Many researchers are studying hybrid deep learning models that would combine several basic linear models to capture the geographic locations and temporal interactions of traffic data. Many of the related works [
51,
54,
55,
56,
57] consider relationships within spatial and temporal data independently of each other and do not consider their combined relationships. As a result, spatial and temporal relationships are not fully exploited to improve accuracy in learning the dynamics of urban traffic data. To address these limitations in hybrid learning models, the researchers sought to integrate geographic and temporal data into a proximity, or tensor, graphical model. For example, ref. [
49] obtained a constrained space–time network by interconnecting and coupling all available nodes on temporal instances n − 1, n and n + 1. The relationships between each node and its spatio-temporal neighbors are directly recorded by the topological architecture of the constrained spatio-temporal network. Among the many CNN-based models, only a few have attempted to demonstrate the power of CNN-based learning models. The work of [
28] developed a deep learning-based automatic encoder model for traffic flow prediction that captures both local trends and long-term dependencies on traffic patterns. In [
58], a CNN-based multitasking deep learning model has been proposed that considers both spatial and temporal characteristics to learn the traffic flows of different nodes.

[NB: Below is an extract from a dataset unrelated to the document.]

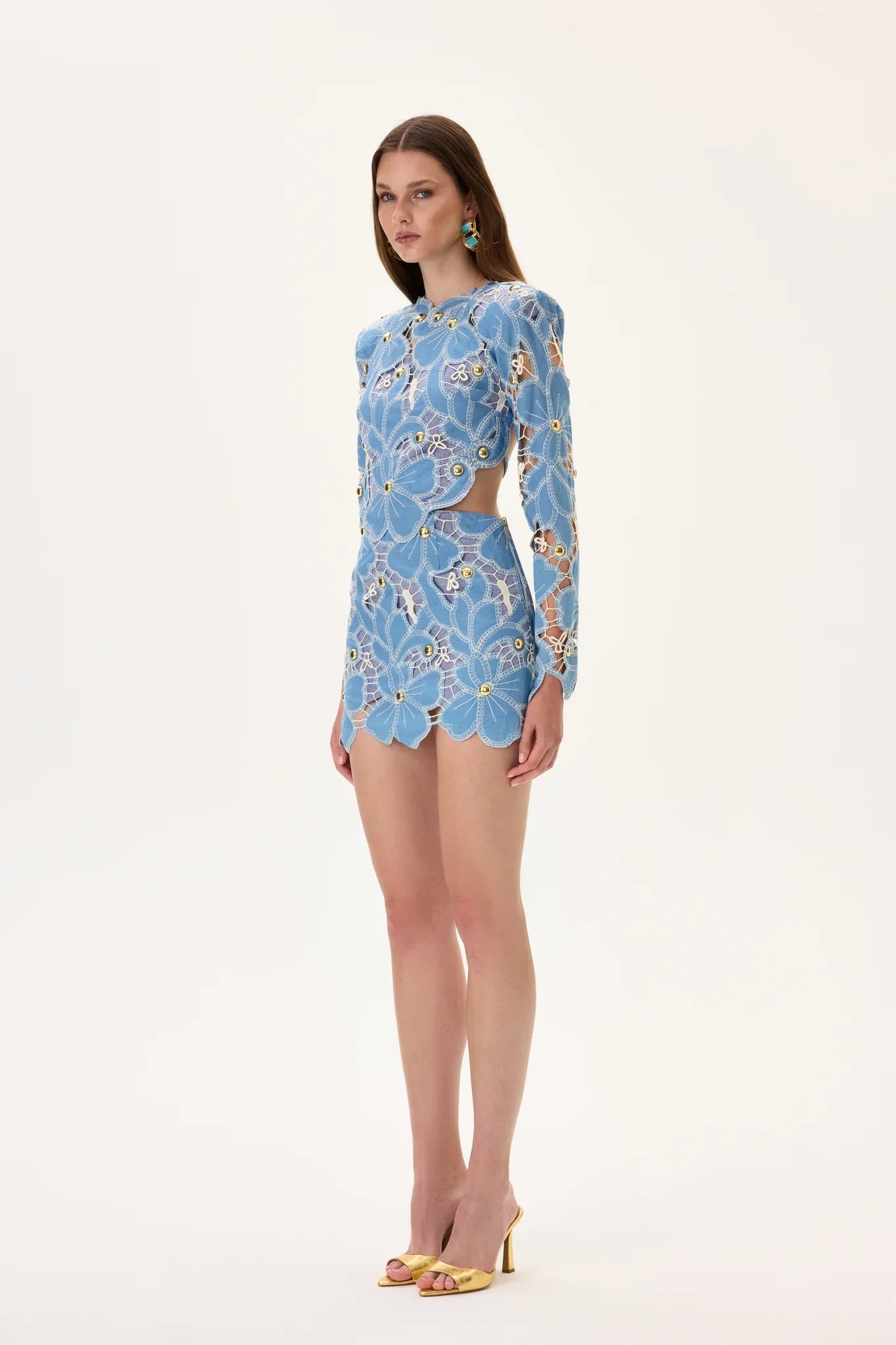 Denim & Lace Mini Dress With Gold Metal Centered Flower Embroidery

To combine spatio-temporal properties with semantic data, a multi-view deep learning model to predict taxi requests has been proposed in [
59], using long short-term memory (LSTM) to learn temporal properties and CNN to learn spatial properties locally in independent transport nodes. This joint spatio-temporal model failed to learn the dependencies present in the taxi multi-node trajectory data. These models ignore the topological structure of the transport network, which makes it impossible to train a fine-grained spatio-temporal representation. Models capture high-level spatial and temporal dynamics by stacking multiple layers but ignore the impact of low-level information at different scales on high-level information.
The work proposed in [
60] presented an improvised CNN to extract individual image-level features for COVID-19 classification. The relation aware representations are extracted using GCN. The image level features extracted from CNN and GCN are fused using Deep Feature Fusion.
The work in [
61] infers that the single view classification is not sufficient for object recognition tasks in complex environments. A multi-view representation of the image leads to efficient classification models. Fusing of convolutional feature maps at different depths is proposed in the literature, which reiterates the necessity of hybrid fusion models for classification tasks.
A comprehensive evaluation of multi-modal feature maps is presented in [
62], whereas a learning model was developed for a binary classification problem based on gesture movement. The work inferred that multi-view representation gives better results when compared to single-view representation of data.
A comparative study of a car crash dataset is simulated in [
63], whereas it is clearly inferred that the frequent pattern in the traffic data leads to new knowledge discovery.
The nonlinear crash worthiness of the small electric vehicle travelling at different velocities is depicted in [
64], which explains a cardinal relationship between the trajectory of the vehicle and deacceleration of the vehicle. The research impresses that the traffic trajectory data is highly correlated with the crash analysis of electric vehicles.
In general, deep learning models accumulate essential learning blocks or levels to frame an in-depth project, and the entire network is trained end-to-end. With the advancement of graph convolutional networks (GCN), deep learning techniques in the light of space–time graphs are becoming more effective for predicting traffic flows. GCN is the advancement of normal convolution maps, which can deal with learning spatial representation in non-Euclidean designs. The convolution of the original graph was presented in [
54], which was characterized in the spectral region. In view of this work, ref. [
57] extended the configuration approach for the convolution component in graph networks to reduce the complexity of using graph convolutions. The graph convolutional network (GCN) [
51] extends the convolution operation to extend graph-structured information that is better suited for addressing the structure of the traffic network. Many spatial GCNNs have been proposed in the literature [
4,
47] to address this challenge. Most GCN models encountered a problem that was too smooth, making it difficult to deepen graph networks [
55]. In addition to GCN, Recurrent Neural Network (RNN) [
22,
24] and its variants, LSTM [
25] or Gated Recurrent Unit (GRU) GRU [
26], are also used to model time dependence.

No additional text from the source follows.